She had to bite down to keep from crying again then and there. “I didn’t want anyone else to be affected by what’s going on between us.”
“Well, they are,” he said with a snort. “Are you going to let me in?”
Leaning against the door, she made room for him to cross the threshold. She realized it was much colder today than it had been lately. She hadn’t gone outside once. There had been no reason for it.
“I heard you saw Mama today,” he said, striding into the middle of her living room.
“Yes, I felt I owed her an apology.”
The chair he finally sat in looked almost too small to hold him. “How did she take it?”
Part of her still couldn’t believe how things had gone between them. “She knew it was me all along.”
His head jerked up. “She did? Why didn’t she say anything to save her own…you know?”
“She said she was protecting me,” she managed to say in a hoarse voice. “She told me it was the least she could do after treating me so poorly growing up. She asked me to forgive her.”
“Well, I’ll be,” her brother said, kicking back in the chair, which squeaked under his weight. “So what are you and I going to do? I can’t handle one more question from Rory and Annabelle about why I’m mad at you. Somehow those little tykes have figured it out—either that, or Tammy told them out of loyalty to you—and I feel like shit.”
Tears popped into her eyes, hearing that. She missed seeing her niece and nephew so badly it hurt.
“Then there’s my wife, who actually put me in the doghouse for the first time in our marriage. And I won’t even go into what Daddy and Tammy have said to me.”
It touched her heart to hear so many of her loved ones had stood up for her, but it didn’t tell her how her brother felt.
“None of their opinions matter, Rye. When it all comes down to it, the real question is whether you can forgive me and…love me again.”
“Oh, sugar,” he said in a ragged tone, rising from the chair. “I never stopped loving you. Never!”
When she met his eyes, she saw the regret shining in them.
“That’s why this hurts so much,” he whispered.
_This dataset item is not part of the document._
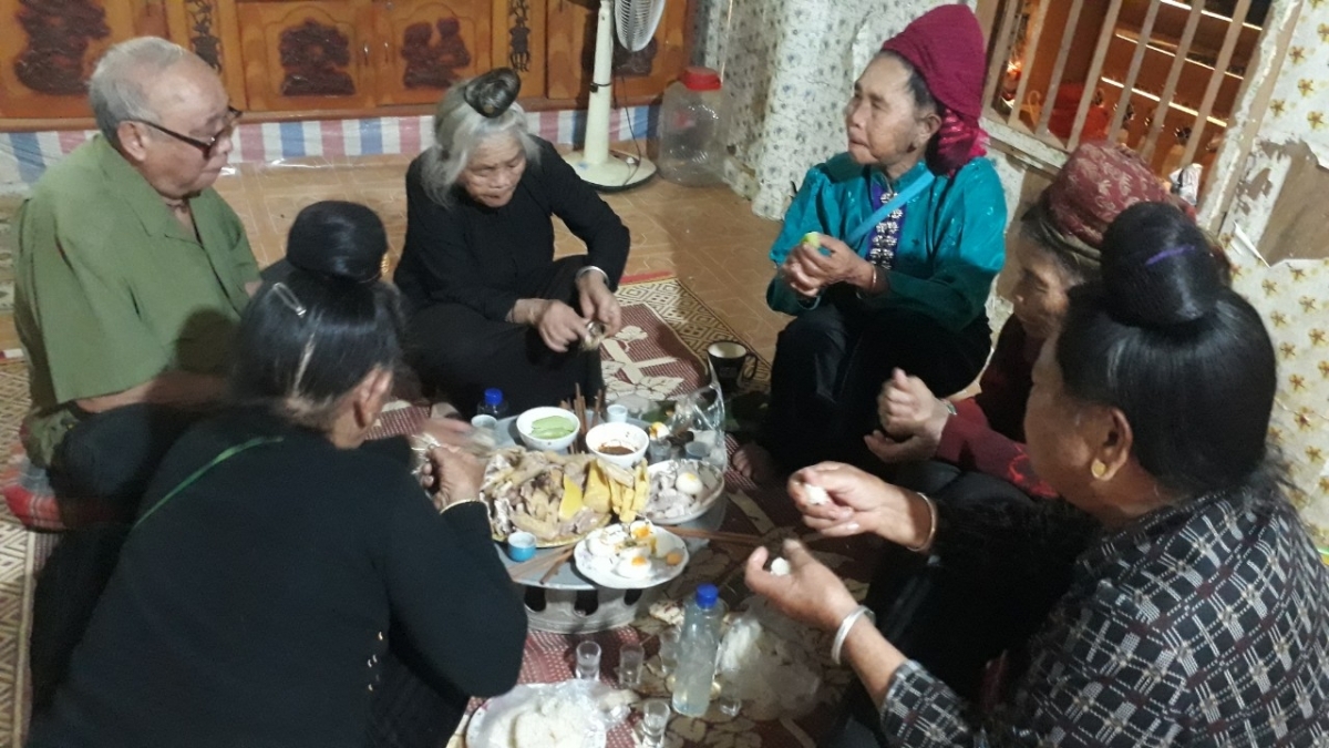 -Tóp:“Toi hịt khong cón nị, tẳng cốc té mự 28, 29 căm chiềng chu chua hươn cọ tọn tăm hươn dảo pẹk xằư sáng bàng, tổ chức hó khảu tổm, vạy cống xơ pảu pú lạn căm. Hó khảu tổm hư hó nọi va lài tàm toi tựng chua hươn. Ngam men mự 30 căm chiềng lỏ phẻo tọn pan xơ, tánh pan xơ chiềng hẳư tục po nò pọm, mi cáy tổm, pà pỉnh, khảu tổm, cuổi ỏi, nga cai, pảnh bánh lẹo tảy hường cống xơ cáo mơi pảu pú lạn căm ma kìn chiềng toi tay hươn tay giảo…khấn cau ók bườn đì pì mắư dệt xằng hẳư đảy cạy xằng hẳư pền….”,
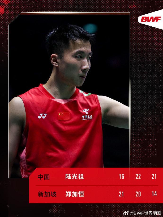 另一位中国选手陆光祖挽救赛点,以2-1(16-21、22-20、21-14)逆转郑加恒,晋级男单32强,收获首次交手胜利。下一轮,遭遇加拿大选手赖浩俊。

It took her a moment to speak. “I’m sorry for what I did. I don’t know what else to say to you. But if I could do it over again, I don’t know that I would choose differently. Rye, I was so scared for Tammy and Rory and Annabelle.”
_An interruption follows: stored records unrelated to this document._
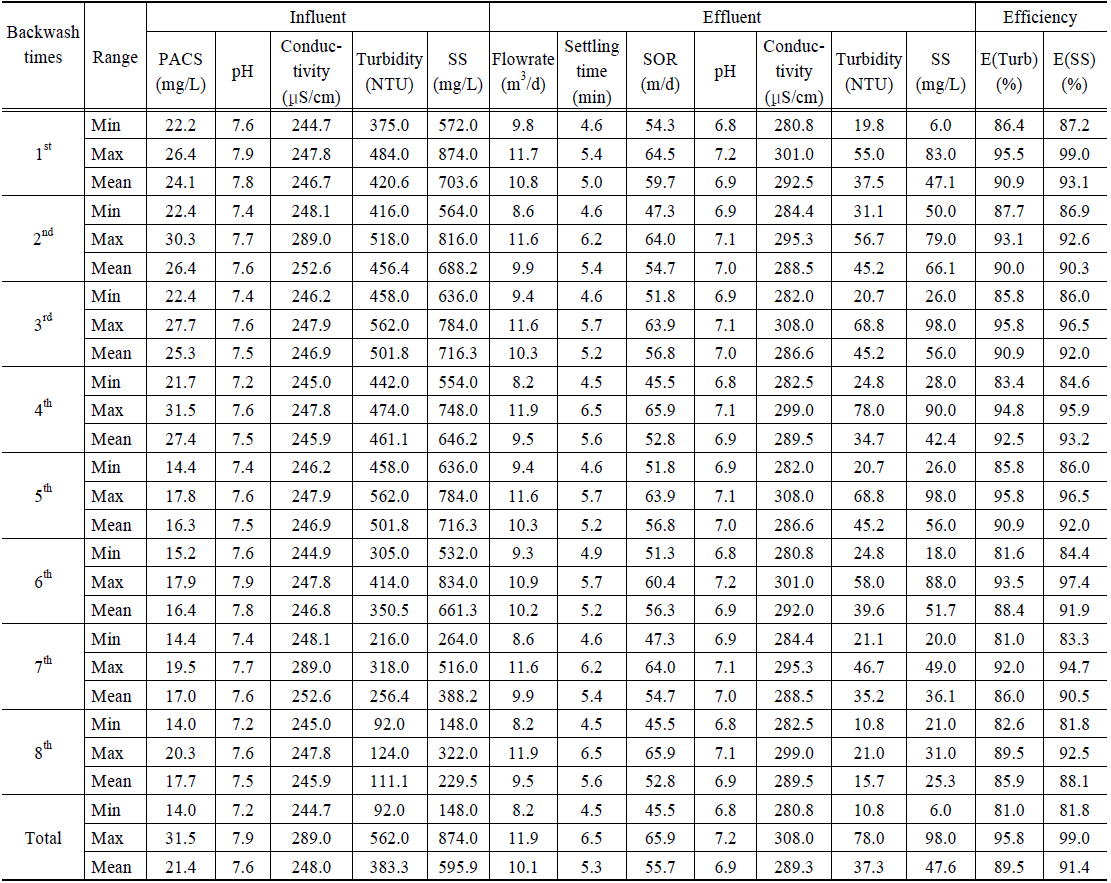 m3/day (평균 10.1 m3/day), 여과지 수면적 부하율을 기준한 SOR은 45.5~65.9 m3/m2/day (평균 55.7 m3/m2/day), PACS 주입농도는 14.0~31.5 mg/L로 운전하였다. 탁도 제거효율은 81.0~95.8% (평균 89.5%), SS 제거효율은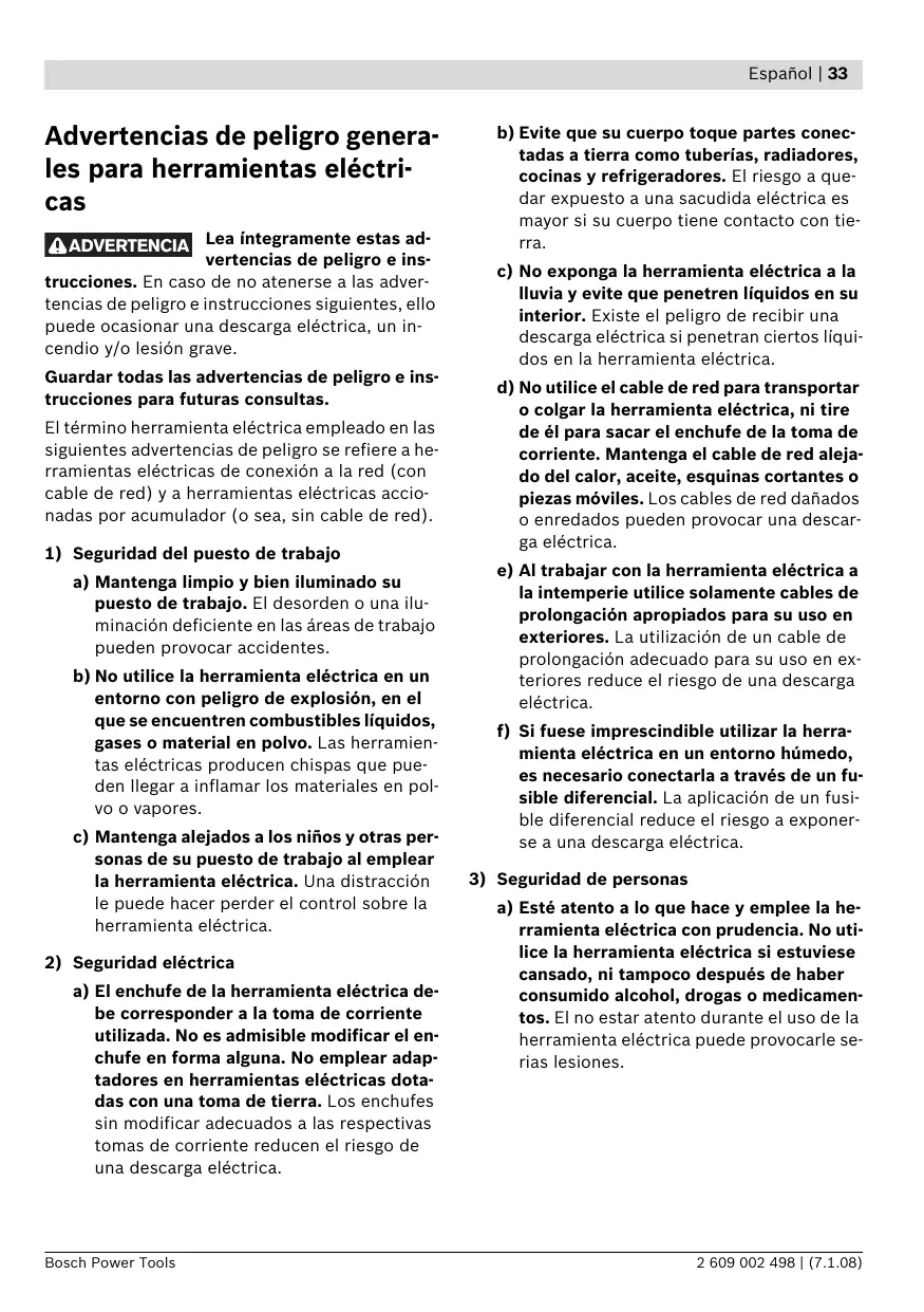 ADVERTENCIA Lea íntegramente estas advertencias de peligro e instrucciones. En caso de no atenerse a las advertencias de peligro e instrucciones siguientes, ello puede ocasionar una descarga eléctrica, un incendio y/o lesión grave. Guardar todas las advertencias de peligro e instrucciones para futuras consultas. El término herramienta eléctrica empleado en las siguientes advertencias de peligro se refiere a herramientas eléctricas de conexión a la red (con cable de red) y a herramientas eléctricas accionadas por acumulador (o sea, sin cable de red).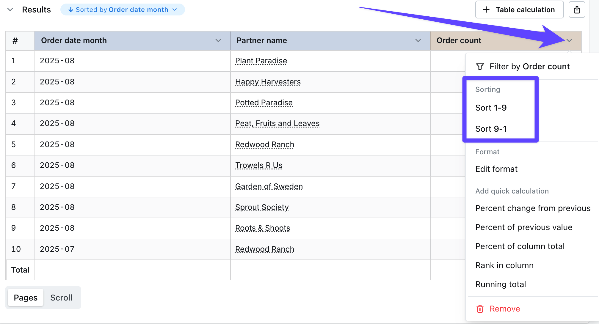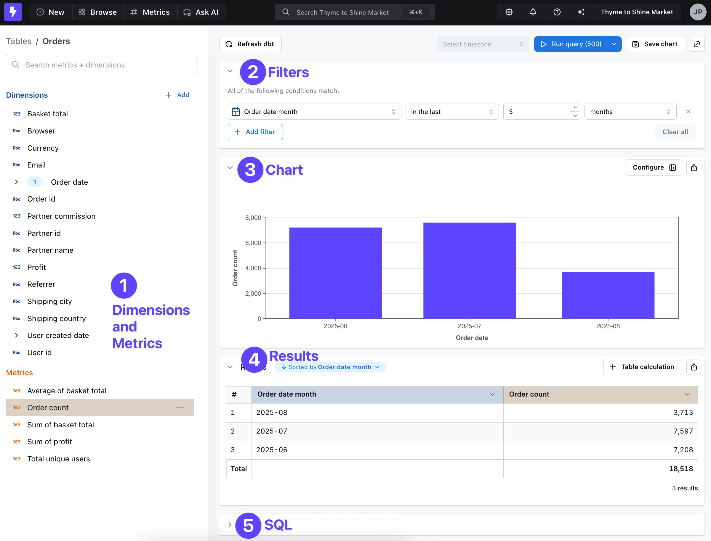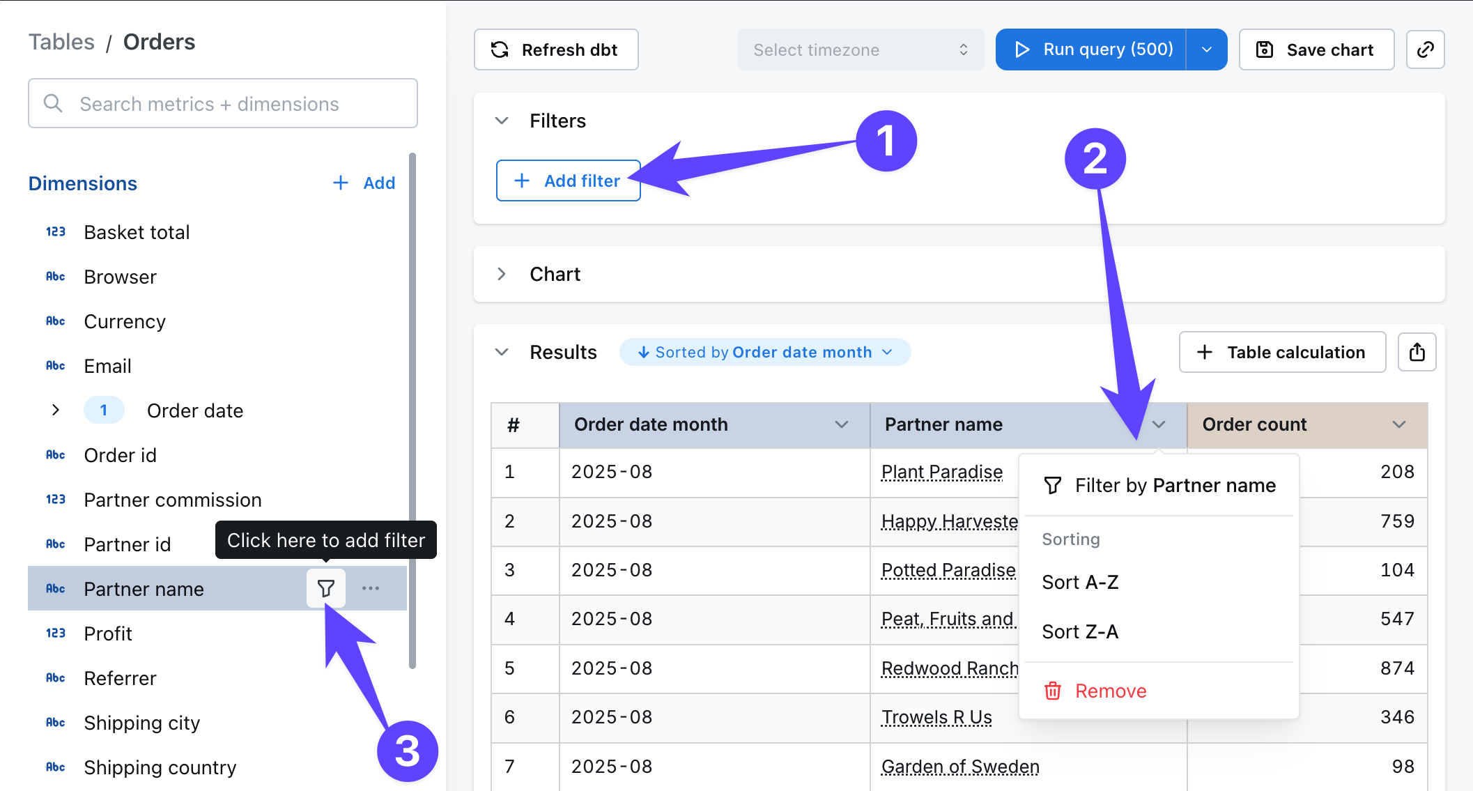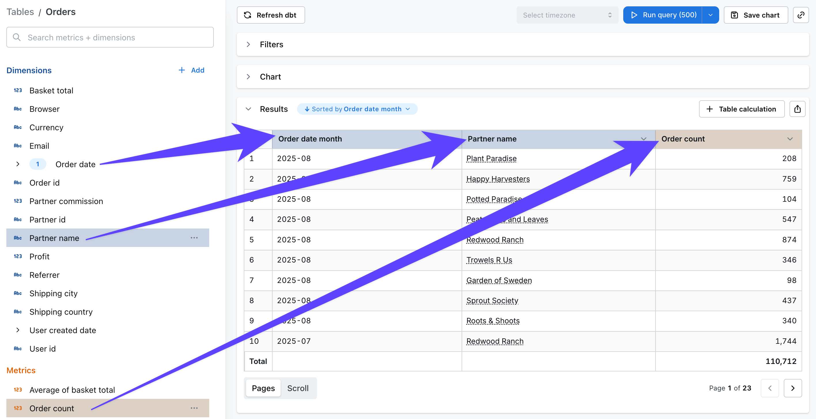 For example, if I wanted to know the “number of orders per month split by partner”, I’d select the Order count metric, the Order month dimension, and the Partner name dimension, to split by partner.

He kicked at the floor with his boots. “I realize that. You’re right when you said I wasn’t there to see what Tammy was going through. She and I had…well, a difficult conversation about all that today. She’s decided to tell her story at the concert after all, but not in a video spot. Live.”
Amelia Ann pressed her hand to her throat as emotion rose up inside her so swift and powerful it threatened to blow her over. “I’m…glad.”
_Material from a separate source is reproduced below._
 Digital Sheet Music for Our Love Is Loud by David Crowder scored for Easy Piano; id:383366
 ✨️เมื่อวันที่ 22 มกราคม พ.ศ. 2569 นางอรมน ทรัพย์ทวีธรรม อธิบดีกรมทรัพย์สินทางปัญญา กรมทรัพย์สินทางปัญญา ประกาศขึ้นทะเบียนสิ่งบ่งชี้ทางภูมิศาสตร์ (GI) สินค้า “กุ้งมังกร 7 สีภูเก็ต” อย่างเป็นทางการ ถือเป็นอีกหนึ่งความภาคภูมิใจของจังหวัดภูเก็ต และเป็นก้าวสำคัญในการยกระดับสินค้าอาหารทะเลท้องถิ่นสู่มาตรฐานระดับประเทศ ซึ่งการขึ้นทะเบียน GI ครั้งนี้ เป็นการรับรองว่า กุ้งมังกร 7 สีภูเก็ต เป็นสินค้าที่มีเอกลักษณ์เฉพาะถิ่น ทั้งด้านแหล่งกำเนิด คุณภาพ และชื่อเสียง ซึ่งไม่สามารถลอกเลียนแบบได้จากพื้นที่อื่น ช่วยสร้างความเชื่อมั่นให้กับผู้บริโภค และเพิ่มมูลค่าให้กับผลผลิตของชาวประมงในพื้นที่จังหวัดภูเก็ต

“It’s going to be tough, hearing it. I won’t lie.” He paused for a long moment. “When it comes to my family, I’m pretty protective. Perhaps some of that’s because of how we grew up, not wanting anyone to know our business. Tory used to joke that I didn’t care about people knowing about things that didn’t matter to me, and she was more than a little right about that. When I went home after Daddy’s heart attack and helped Tammy…it mattered. And to see those details show up in a tabloid…there aren’t enough bad words to express how I felt.”
She nodded.
“But you were thinking two steps ahead of the rest of us,” he told her. “You’d seen Tammy put up with Sterling for years. Make excuses for him. I hadn’t. Tammy says she completely understands why you’d believe she might go back to him. I…didn’t want to believe that of her.”
Her head felt heavy, so she looked down at her feet in shame.
“But I still don’t understand why you waited so long to tell us. You knew I was looking for the leak. Hell, I was going to some pretty extreme measures to find the culprit.”
It took effort to meet his eyes. “I was afraid of losing my family.”
His eyes turned wet, and he knuckled away tears. He finally reached out to her and grabbed her shoulders. “You’re my sister. And you’re not going to lose me or anyone else in our family over this, okay? I won’t let that happen.” His voice broke and he yanked her to his chest. “You stood by me after Mama and Daddy threw me out, and I’ve…never told you what that meant to me.”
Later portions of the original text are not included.